Mump’s ears went flat, and he tucked his tail between his legs. He may not be used to hosting people who professionally and recreationally go to war against whole cities.

Mump: “Actually, I intend no insult to anyone. Forgive me if any words were amiss.”

Student 5: “I don’t withdraw the question! Transaffectionate people suffer nasty consequences from their perversions! Steps should therefore be taken to reduce the number of transaffectionate people! How would you recommend this be accomplished?”

Inconnu: “Ooh, a fanatic! I’ll bet you’re really traff and just fighting not to admit it to anyone, least of all yourself!”

Student 5: “One more remark like that, sir, and I will demand satsifaction!”

Inconnu: “You’re pretty cute … I could satisfy you all night!” Which provoked even the baffled Mump to laugh.

Student 5: “The duello, sir. The duello.”

Me: “Inconnu fought a duel not long ago, with an alien god who roughly corresponds to Flokin. Inconnu won, of course.”

Saza: “Well, he won with the help of certain magic items my cousin provided!”

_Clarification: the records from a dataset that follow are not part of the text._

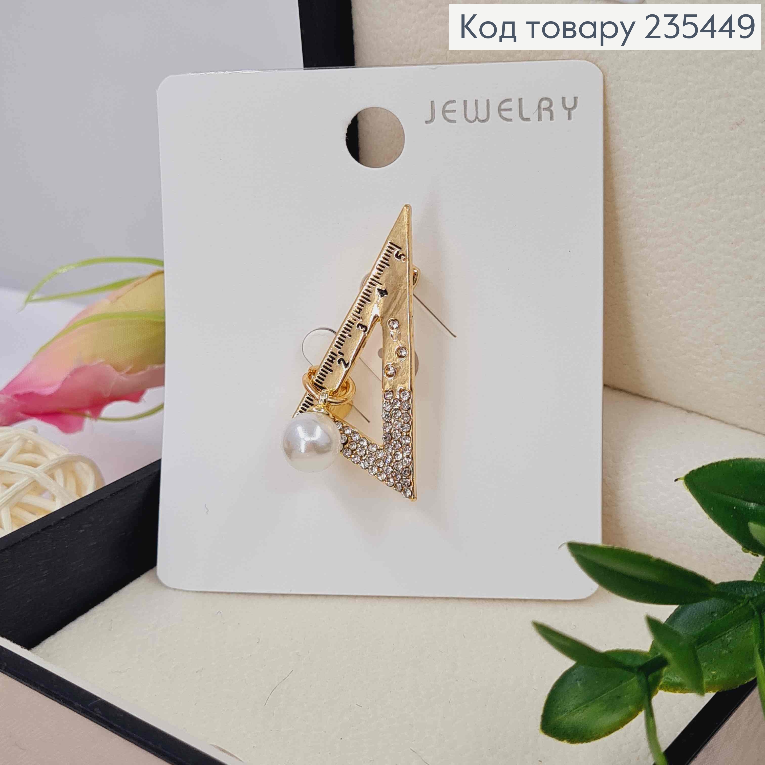 Брошка ЛІНІЙКА прикрашена камінцями та Бусинкою, 4см, Золотого кольору
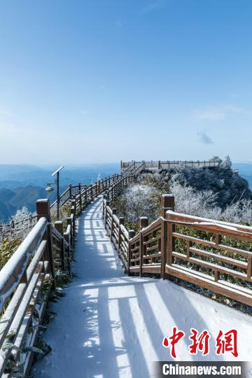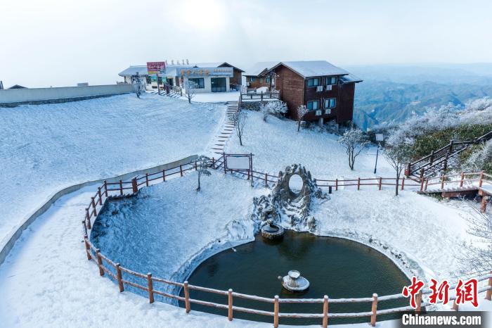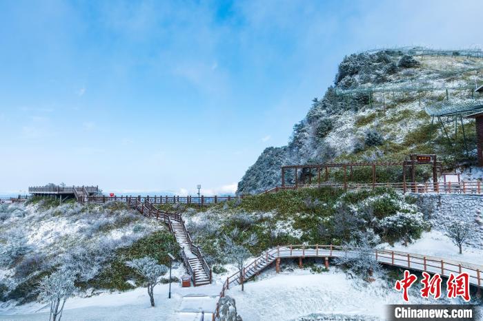 11月25日,受強冷空氣影響,四川省萬源市遭遇強降溫天氣。八臺山景區(qū)迎來了一場降雪,雪花紛紛灑灑,八臺山被裝點成了銀裝素裹的冰雪世界。鄭興平 攝
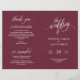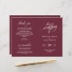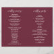 Este é o cartão do programa de cerimônia de núpcias dobrável, em um roteiro de elegância na cor Burgundy. Ele foi projetado com sotaque de rolagem que pode ser personalizado com texto personalizado/ personalizado para seu partido noiva, detalhes da cerimônia, notas memoriais e mensagem de obrigado. ** Nota: esses programas de papel de peso de texto chegam em formato plano e exigem a dobragem para montagem.
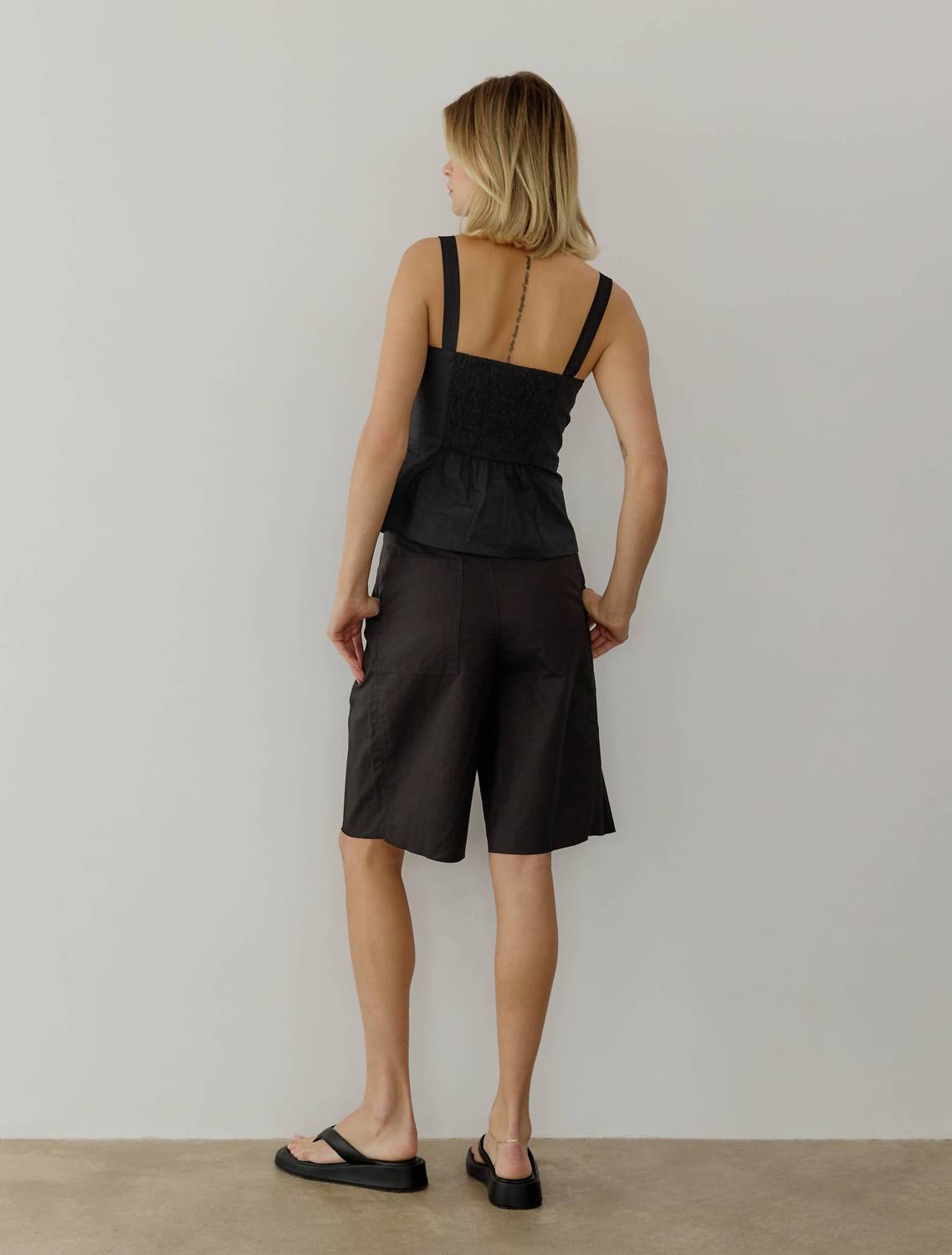 Discover the ultimate warm-weather essential with these stylish women's Bermuda shorts, skillfully crafted to provide a harmonious fusion of fashion and function. These wide-leg Bermuda shorts are crafted from a cotton blend with a self-composition of 65% Cotton and 35% Tencel, featuring a raw edge hem and front pleats. The solid pattern offers a timeless look while pockets add functionality. Zip closure. Hand wash.
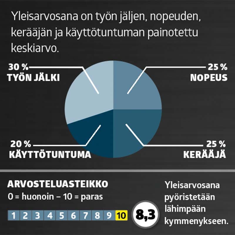 Lopuksi arvioimme käyttötuntuman eli koneiden laadun, ergonomian ja muut ominaisuudet, joita ei voi mitata tarkasti.
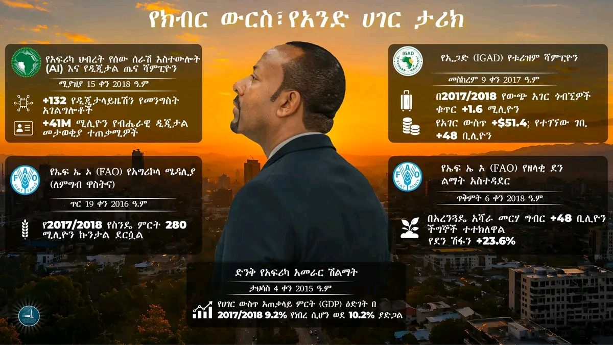 Gamtaan Afrikaa dhiyeenya kana Ministira Muummee Doktar Abiyyi Ahimadiin Shaampiyoonaa Hubannoo Namtolchee fi fayyaa dijitaalawaa gochuun muuduun , badhaasni dhaabbata Nyaataafi Qonnaa dursanii fudhatan, meedaaliyaan Agrii-kollaa, badhaasni hoggansa olaanaa Afrikaa fi beekamtiin Shaampiyoonummaa Tuurizimii ‘IGAD’ kanaaf mirkaneessituuwwanidha.
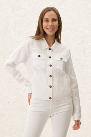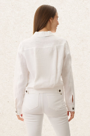 Lightweight and effortlessly cool, this linen collared button-through cropped jacket is a staple for your summer wardrobe. Crafted from 100% linen, it offers breathable comfort with a clean, structured look. Designed with patch pockets at the chest, buttoned cuffs, and a functional button-through front, it’s perfect for layering over dresses, tanks, or matching sets. The cropped length adds a modern touch to this timeless warm-weather essential.
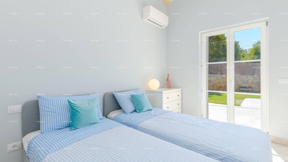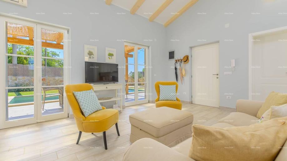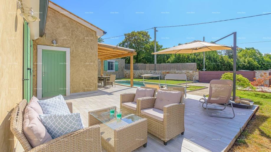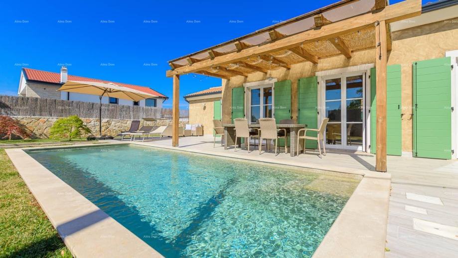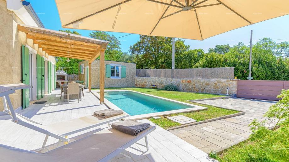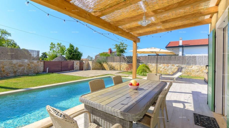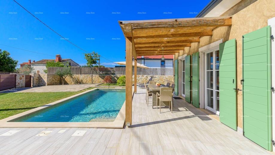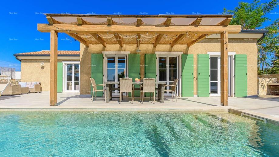 Vanjski prostor vile nudi grijani bazen, terasu, roštilj, ležaljke i vrtni namještaj, savršen za uživanje u ljetnim danima. Okućnica je potpuno ograđena, pružajući potpunu privatnost i mir dok uživate u ljepoti Istre i šarmu ove predivne vile.
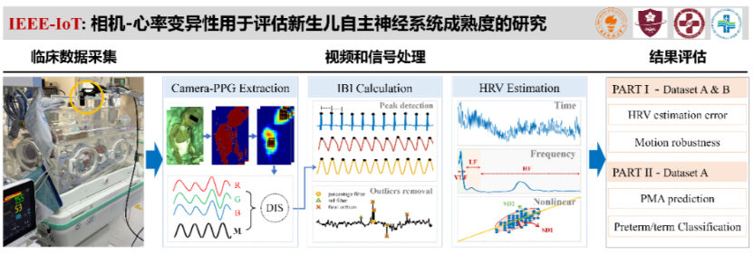 浙江大学丽水医院纪建松教授、南方科技大学卢洪洲教授、王文锦副教授组成的医工交叉产学研团队近期完成了全国首个多中心新生儿重症监护(NICU)研究:基于相机的非接触新生儿心率变异性(HRV)监测,并利用相机监测的HRV指标创新性地评估新生儿自主神经系统发育的成熟度。相关研究成果发表于国际知名SCI期刊IEEE Internet of Things Journal (中科院一区,TOP期刊),题为“Camera-Based Heart Rate Variability for Estimating the Maturity of Neonatal Autonomic Nervous System”。

Student 5: “I now completely sidestep the issue of the duello, without mentioning it further, ever. Instead I return to the basic question: how best should the number of transaffectionate people be reduced?”

Me: “You misunderstand your own argument! The question that follows from your hypotheses is, how best shall we reduce the nasty consequences that transaffectionate people suffer?”

Student 5: “Eliminating all transaffection would suffice to accomplish this!”

Me: “As would eliminating all punishment of the transaffectionate. Consider that each act of punishment is a unique atom: it requires an act of will and commission upon the part of one or more perpetrators. Once it is over, there will be no more of it; even the same perpetrators will have to perform another act if they wish to cause further punishment. However, traff-folk are born continually, and exist for quite a while — indeed, immortals are more often traff than the short-lived.” Which may be true, even, if Saza is typical and most Zi Ri do occasionally fall in love outside their own species on rare occasions. I wish they talked about it more! “So, if we eliminated all punishments today, the problem would be over today. If we eliminated all traff-folk today, the problem would return quickly. Thus eliminating the punishments is the superior approach.”

Saza: “My cousin’s logic is as sharp as zir claws — as the magic sabres zie constructs!.”

Student 5: “You are missing the point — you are obfusticating it, O Zi Ri!”

Me: “The point is that your objections to my choice of loves is rooted neither in theology, physics, nor logic. I suspect it is rooted in your own rather putrid little mind.”

Student 5: “Nothing of the sort! There are elemental physical reasons for despising the transaffectionate! If all primes were traff, no new primes would be born!”

Phaniet: “Oh, don’t be fatuous. We like children as much as anyone else. My Rassimal ~husband~ has helped out a Rassimel woman or two to acquire them.”

Student 5: “Then he is not truly transaffectionate!”

Phaniet: “Perhaps not, by a strict definition, but I admit that I am thoroughly satisfied by his efforts along those lines.”

Student 5: “Nonetheless, we have a serious problem with population! Monsters slay so many of us, childhood spell accidents so many more, emigration removes such and such a fraction of our great cities. Meanwhile, our enemies breed and breed — every year there are more and more pullulating swarms of cyarr and mherobump and taptet and mewellicaps! We must keep our own numbers up as well! There is no room for those who will not help!”

Mump: “I believe this discussion has covered all the main points, so, on that note, let us proceed to further questions.”